Тут надо еще заметить, что в нормальных, домашних условиях я никогда не вытряхиваю пепельницы в унитаз. Корень здесь в том, что окурки очень долго не тонут, сопротивляются судьбе со спартанским упорством, сражаются с унитазным водопадом насмерть: вертятся там, крутятся, вроде уже потонут, ан – нет! – опять всплывут. И я за такое жизнелюбие и упорство окурки уважаю. Они, на мой взгляд, как и римские гладиаторы, заслуживают пальца, поднятого вверх. Но и сам я не могу уступить окуркам последнего слова. И вот минут пять провел в туалете, дергая и дергая машинку, пока последний гладиатор не утоп.
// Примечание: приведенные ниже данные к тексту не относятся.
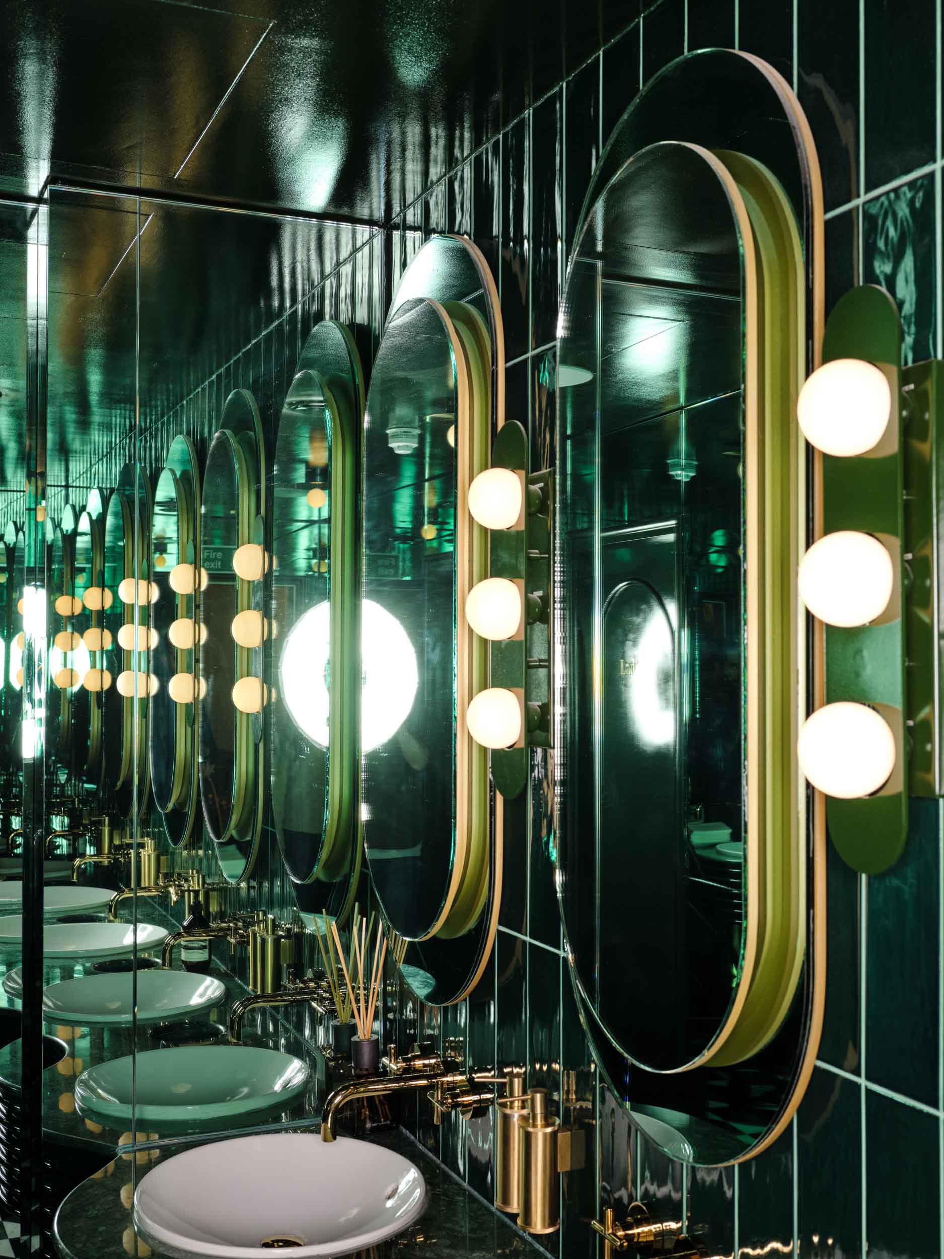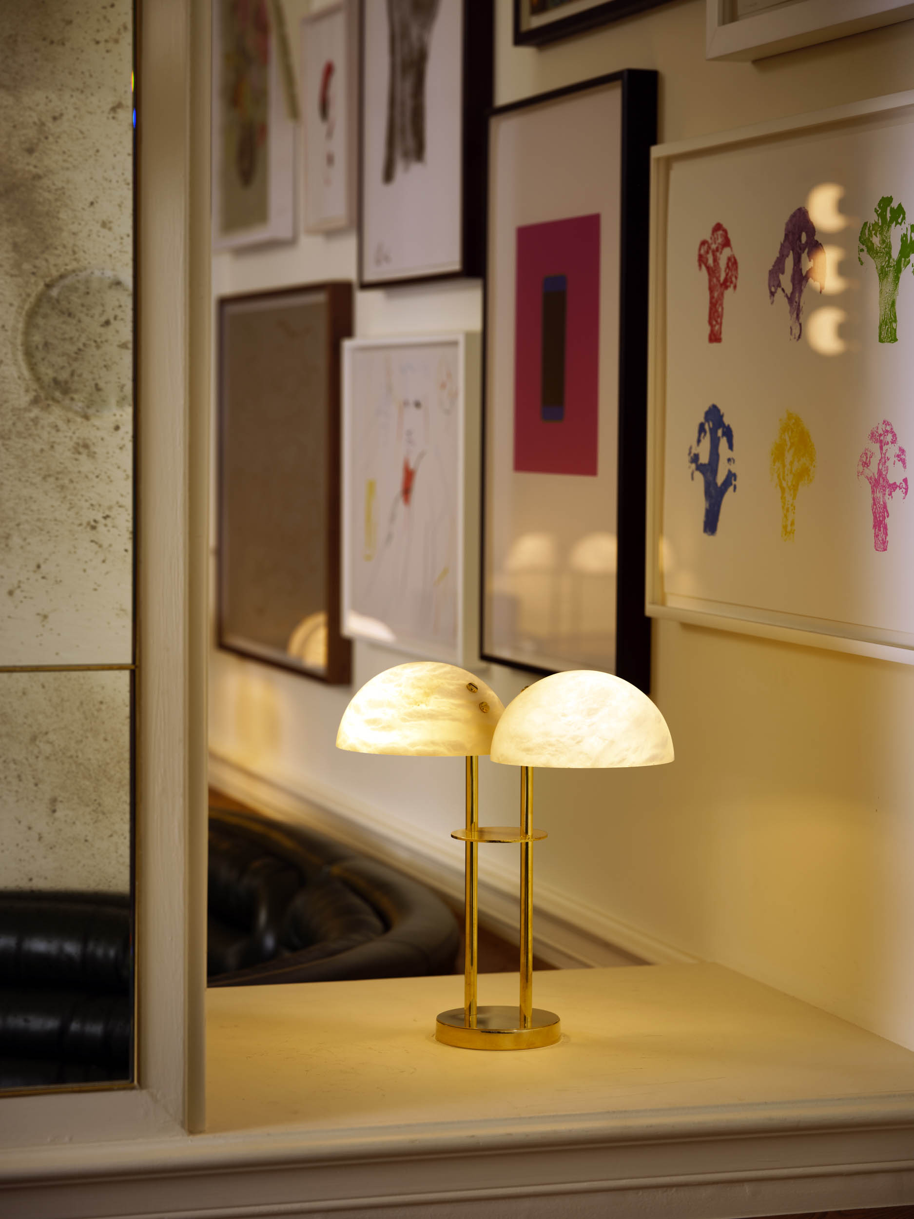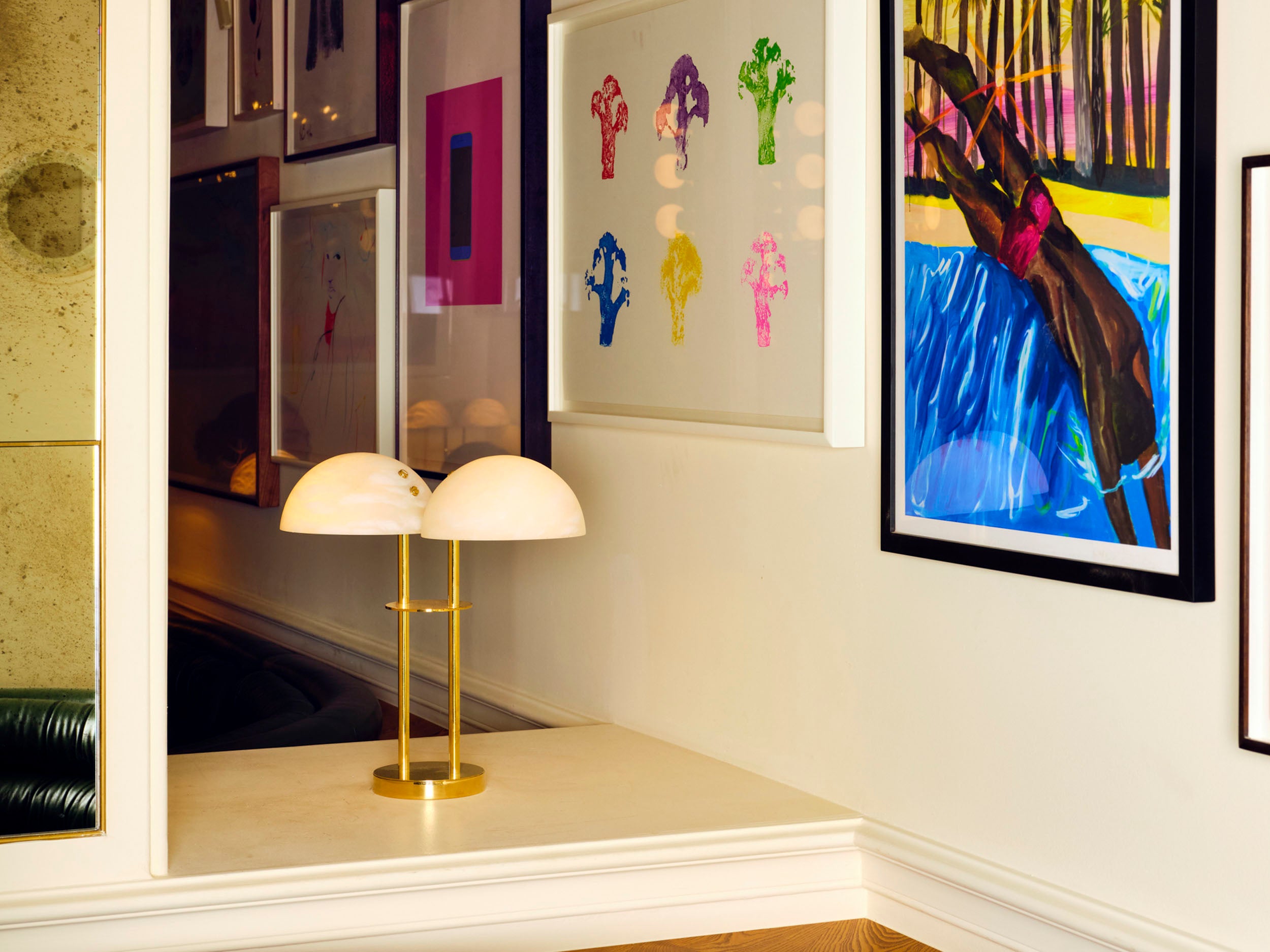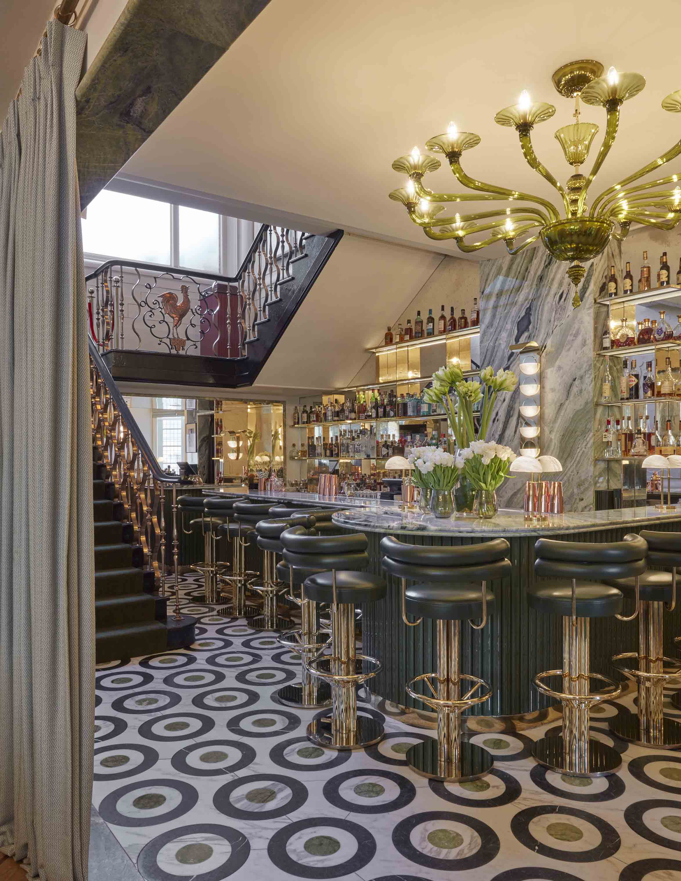 Stepping through Langan's hallowed doors, guests enter the ground floor bar. The floor, made from three different marbles, is adorned with a circular 'pop' pattern. The elegant cocktail bar, made from green ceramic noodle tiles, encompasses a stunning curved marble countertop. Our delicately finished countertop twin table lamps are genuine statement pieces that capture the essence and elegance of the exclusive bar area by pairing richly-veined and fully bespoke alabaster domes with polished brass stems and bases.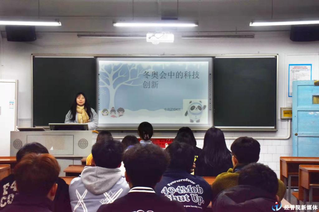2月23日晚,best365官网经济管理学院学生晚自习课堂刮起“冬奥之风”,“冬奥知识小课堂”、冬奥会中的中国文化”、“冬奥会体育精神之我见”、“冬奥会中的科技创新”……各班级采用不同形式,将冬奥精神融入晚自习,师生一起畅谈冬奥、分享感想,气氛热烈而高涨。

В паузах, когда я ожидал очередного наполнения опорожненного бачка, в голову лезли мысли о бренности бытия, вечности мироздания и о том, что рано или поздно придется высказать Геннадию Дмитриевичу свое мнение о его произведениях. Ведь уходить из мастерской художника во сто крат затруднительнее, например, нежели из лаборатории ученого. У гения науки можешь достойно молчать от начала до конца, ибо и он, и все окружающие знают, что ты ничего ни в чем не понимаешь, а с художниками просто беда. Тут даже так получается, что чем хуже художник, тем тебе легче нагородить ему при уходе всякой чуши, – и он будет доволен, а с художественным гением полнейшая безысходность, когда топчешься уже в его передней и – ни единого слова не выдавить: нет слов – и баста!
Но если уж совсем честным быть, то размышлял я про все эти материи и топил пять минут несчастные окурки еще и потому, что было жутковато возвращаться через темную мастерскую-покойницкую. Все-таки скульптура довольно мертвое изобретение. И нервишки пошаливают. Однако и торчать до утра в туалете резона не было.
И когда, значит, последний окурок утоп, я развернулся на сто восемьдесят и лег на обратный курс. И лавировал сперва довольно удачно – пространственная память-то у меня штурманская. Как вдруг сквозь пыльные окна сверкнула луна, и передо мной возник из небытия и тьмы небольшого роста человек – длиннейший птичий нос, волосы, ниспадающие прямыми прядями на изможденные щеки: луна высветила Гоголя, мраморного, безо всякого пьедестала. И мертвые, черные провалы зрачков уперли в меня больной, черный взгляд.
Я чуть в обморок не свалился. Н-нда…
Шутил в своих писаниях при жизни Николай Васильевич много, но и какой-то одинокой запредельной жути в классике достаточно.
К тому же я с детства запомнил, что более всего он боялся быть похороненным живым, в летаргическом сне. И в завещании даже написал, чтобы не хоронили, пока "не укажутся явные признаки разложения тела". И еще, кажется, в завещании попросил не водружать на могилу тяжелого надгробия, дабы оно не давило на него тяжестью Каменного Гостя. Говорят, при вскрытии потом могилы обнаружили его в гробу перевернутым.